### WORK REQUEST
Copy each entry verbatim, excluding its images.

(Stored records)

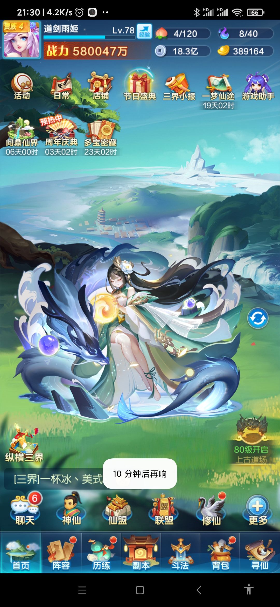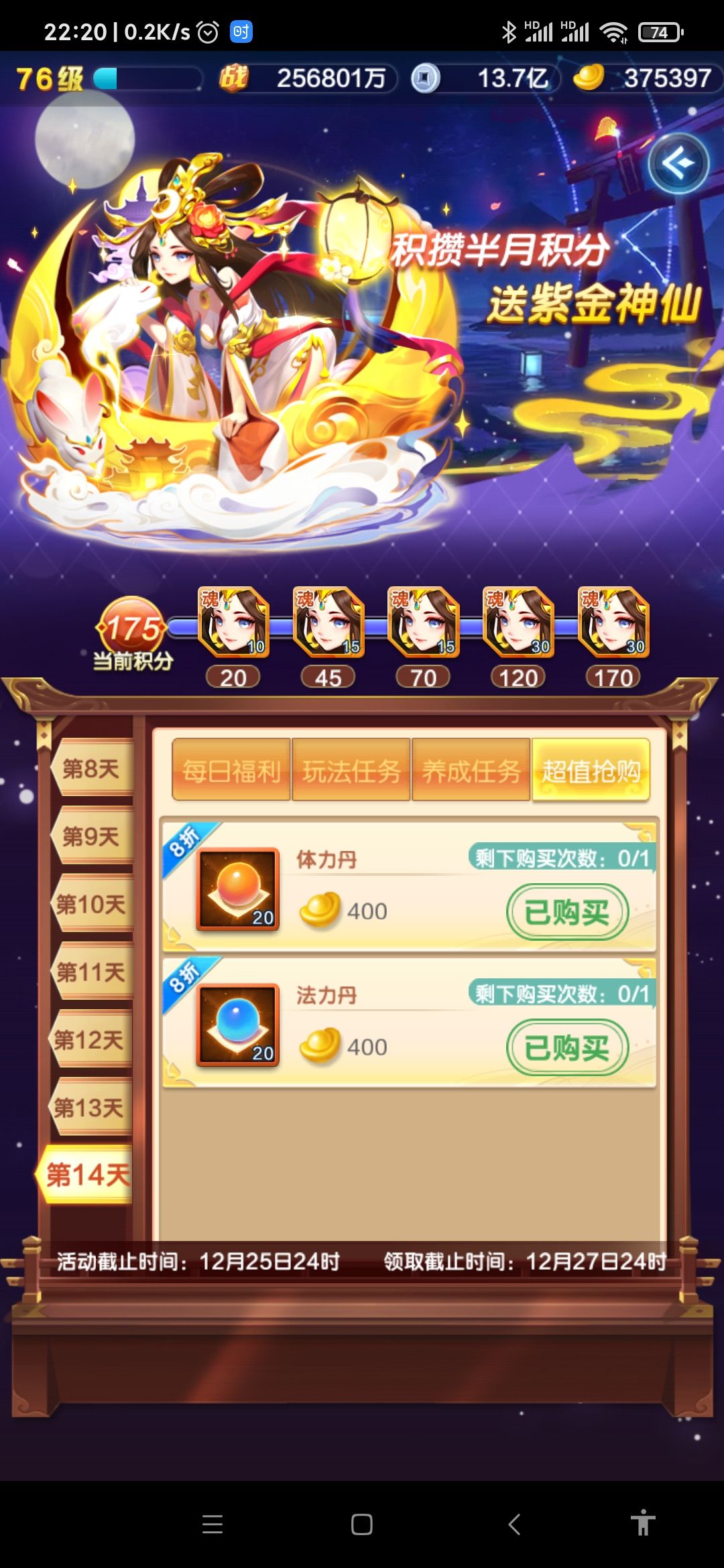 战力13亿、元宝33万,打了500的龙,买了青曜元神,竞技场晋级到大师,黄金场打到第1,过了把冠军瘾。目前升级很慢了,一天一级有点困难了,算了下到75还差70个体丹,明天升75开幻仙没问题了。
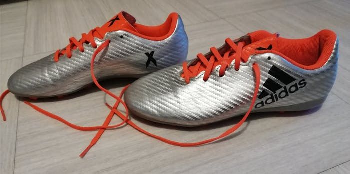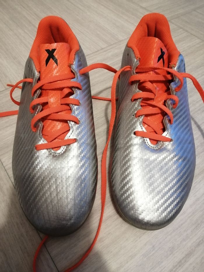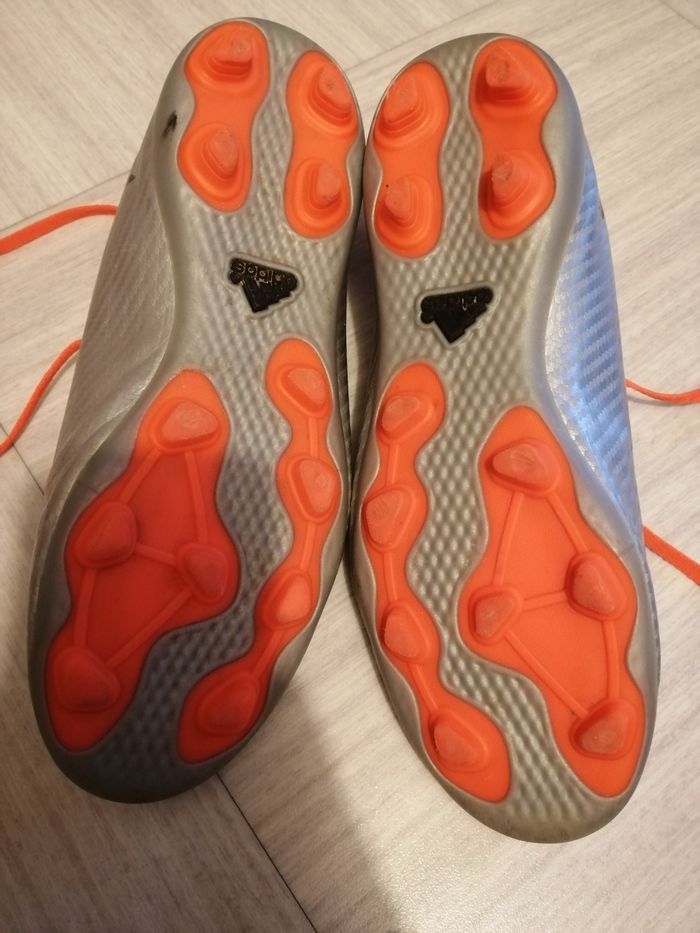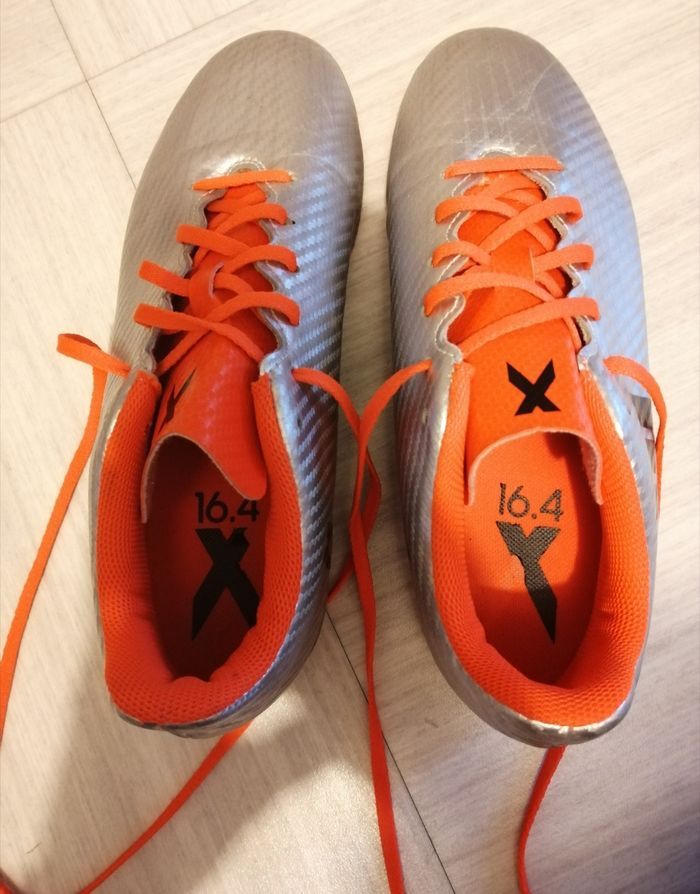 Basket de foot à crampons de marque Adidas, modèle 16.4 X Pointure 38-2/3 En très bon état car très très peu mises. Couleur gris argenté/orange
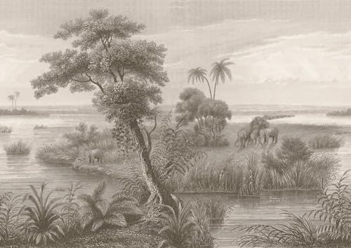 Rasch Papel pintado 556155 – Papel pintado fotográfico sobre fieltro con lago con pequeñas islas, plantas y elefantes en color marrón de la colección Lirico – 3,00 m x 4,24 m (largo x ancho) Report This
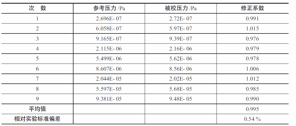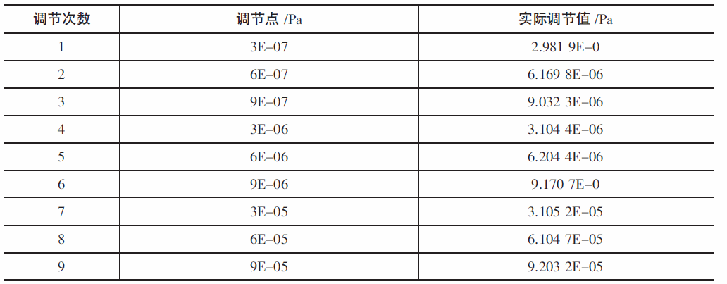 用超高真空微調閥(15)調節穩壓室中的壓力,注入到校準室中,每個量程選擇3個校準點,觀測微調閥是否能夠調出所要求校準范圍的壓力點。壓力點的讀數采用經校準過的IE514 型分離規,數據見表1。
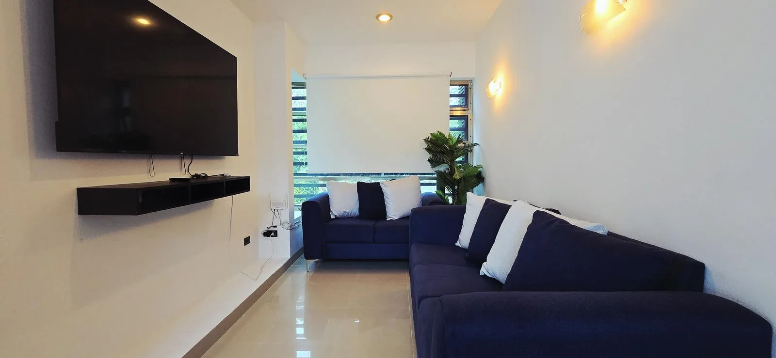 Inside, there are three bedrooms, two of which are on the ground floor, each with a bathroom and walk-in closets. A separate TV room is also provided.

### REPLY
 战力13亿、元宝33万,打了500的龙,买了青曜元神,竞技场晋级到大师,黄金场打到第1,过了把冠军瘾。目前升级很慢了,一天一级有点困难了,算了下到75还差70个体丹,明天升75开幻仙没问题了。
 Basket de foot à crampons de marque Adidas, modèle 16.4 X Pointure 38-2/3 En très bon état car très très peu mises. Couleur gris argenté/orange
 Rasch Papel pintado 556155 – Papel pintado fotográfico sobre fieltro con lago con pequeñas islas, plantas y elefantes en color marrón de la colección Lirico – 3,00 m x 4,24 m (largo x ancho) Report This
 用超高真空微調閥(15)調節穩壓室中的壓力,注入到校準室中,每個量程選擇3個校準點,觀測微調閥是否能夠調出所要求校準范圍的壓力點。壓力點的讀數采用經校準過的IE514 型分離規,數據見表1。
 Inside, there are three bedrooms, two of which are on the ground floor, each with a bathroom and walk-in closets. A separate TV room is also provided.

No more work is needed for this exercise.